Data shown START
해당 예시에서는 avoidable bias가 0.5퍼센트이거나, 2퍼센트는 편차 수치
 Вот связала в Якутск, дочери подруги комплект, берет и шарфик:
Data shown END
Data shown START
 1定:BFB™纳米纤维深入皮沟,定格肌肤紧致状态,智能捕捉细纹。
Data shown END
▶ [What the exercise asks]:
Could you reproduce exactly the lines of the entries above, from the one with "해당 예시에서는 avoidable" through the one with "Вот связала в", and nothing else?

▶ [Solved exercise]:
해당 예시에서는 avoidable bias가 0.5퍼센트이거나, 2퍼센트는 편차 수치
 Вот связала в Якутск, дочери подруги комплект, берет и шарфик:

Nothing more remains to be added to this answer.